Closed Bug 454315 Opened 16 years ago Closed 16 years ago

TM: incorrect results for raytrace due to undefined passed for missing arguments

Categories

(Core :: JavaScript Engine, defect, P2)

Product:
Core
Component:
JavaScript Engine
Type:
defect

Tracking

()

Status:
VERIFIED FIXED
Milestone:
mozilla1.9.1b1

People

(Reporter: sayrer, Assigned: dvander)

References

Details

(Keywords: verified1.9.1)

Attachments

(2 files, 5 obsolete files)

js file that checks its result
34.54 KB, application/x-javascript
Details
breaking case
182 bytes, application/x-javascript
Details 
My correctness check for this sunspider test was incorrect. :(
works in JSC, v8, and SM with no JIT
correct.sh in the TM repo will check for this now
Flags: blocking1.9.1?
Any idea what is actually wrong here?

Brendan was hoping to use vlad's parallel raytrace example next Monday, but the example sorta sucks at the moment due to bug 454435. Jonas thinks that it'll work great with tracing enabled since we won't allocate all those doubles any longer.
Flags: blocking1.9.1? → blocking1.9.1+
Priority: -- → P1
Seems there's a mishandling of NaNs here, the interpreter is taking one path and the JIT is taking a different (incorrect) one.  triangle.intersect's (t > far) check is breaking.  Will continue to look into this.
Assignee: general → danderson
So what happens is that we compile triangle.intersect with "far" as an integer variable.  When we see an "undefined" in ValueToNative() and expect "far" to be an integer, we assume we can plop an integer 0 into that slot, despite an undefined having different semantics.

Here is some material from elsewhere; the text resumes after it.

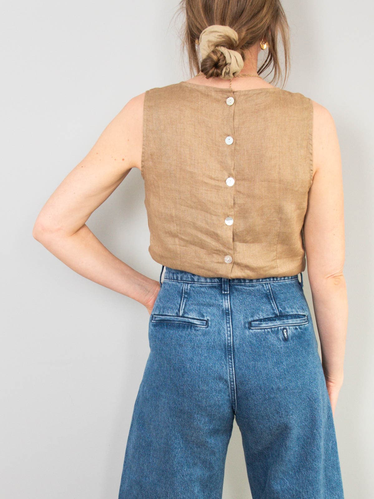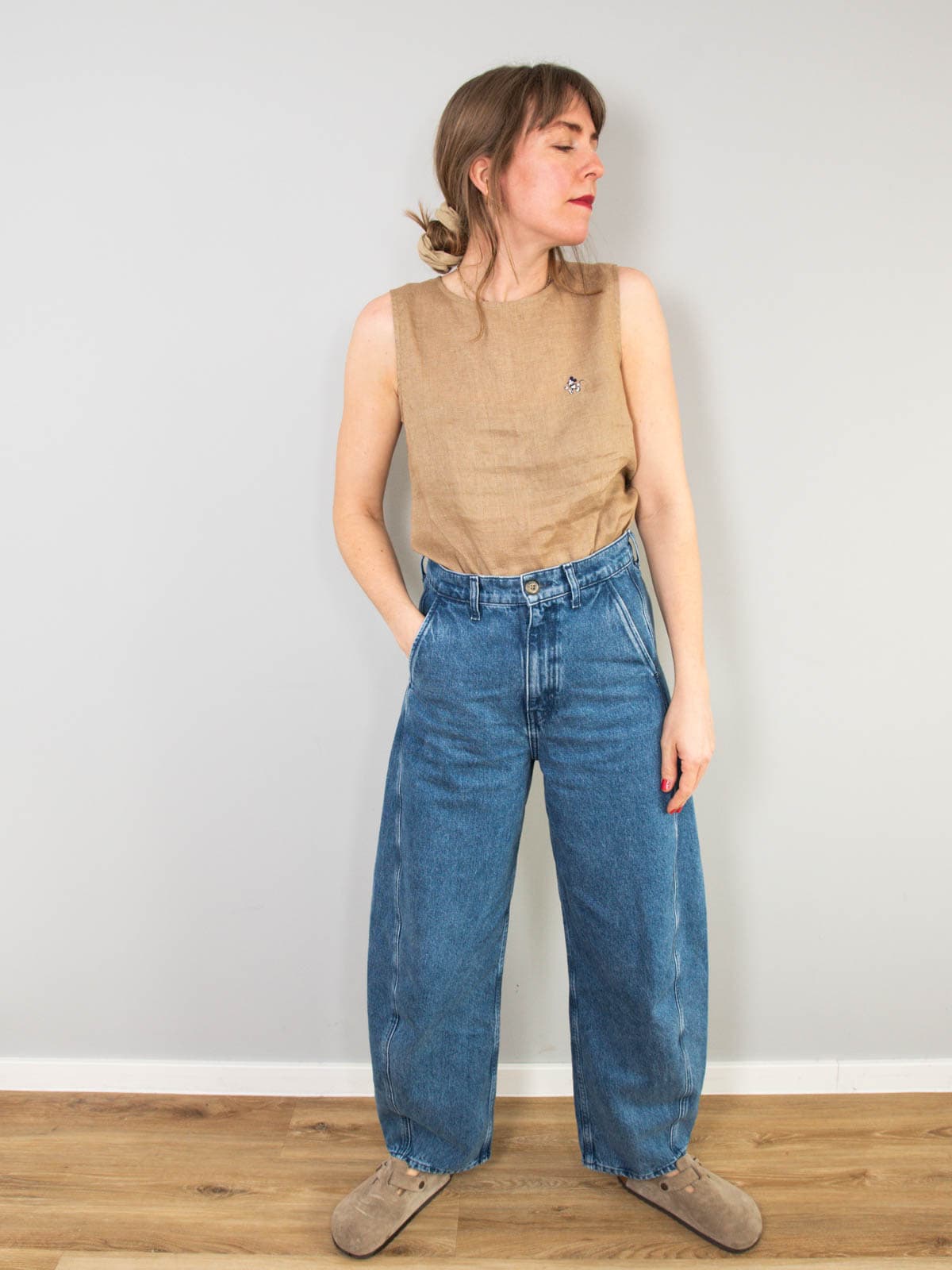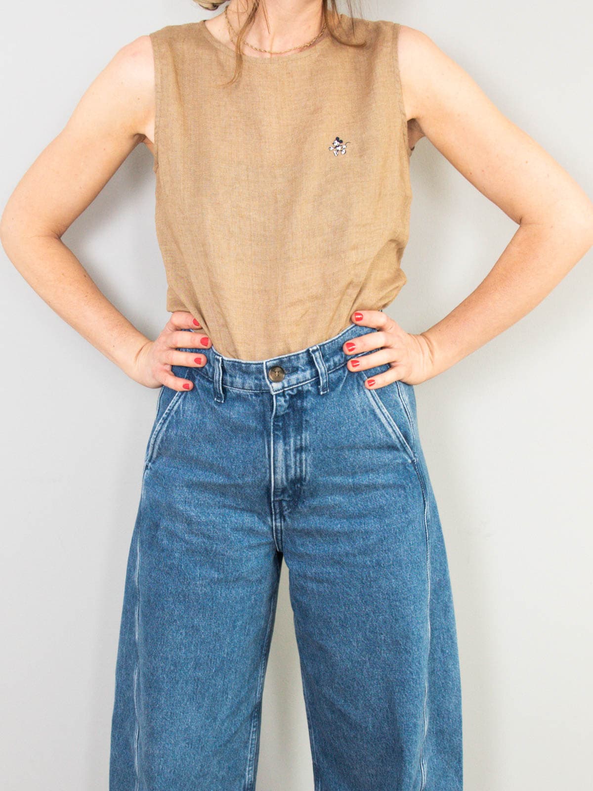 Beschreibung: Beigefarbenes Leinentop mit Mickey Mouse Stickerei. Verschließbar mit durchgehender Knopfleiste am Rücken.

Marking this as a blocker for the meta-bug about undefined types on trace entry.
Attached file breaking case 
Example of breaking case attached, returns different output with the JIT on.  Forcing ValueToNative() to return false (and reject the trace) for type=JSVAL_INT,v=JSVAL_VOID generates correct answers.
Here's an attempt at fixing this.  A few notes:

- I didn't pack the defUseMap bits into the stackTypeMap array -- yet.  If that's really preferred I can post another patch, I just want to make sure the logic is correct first.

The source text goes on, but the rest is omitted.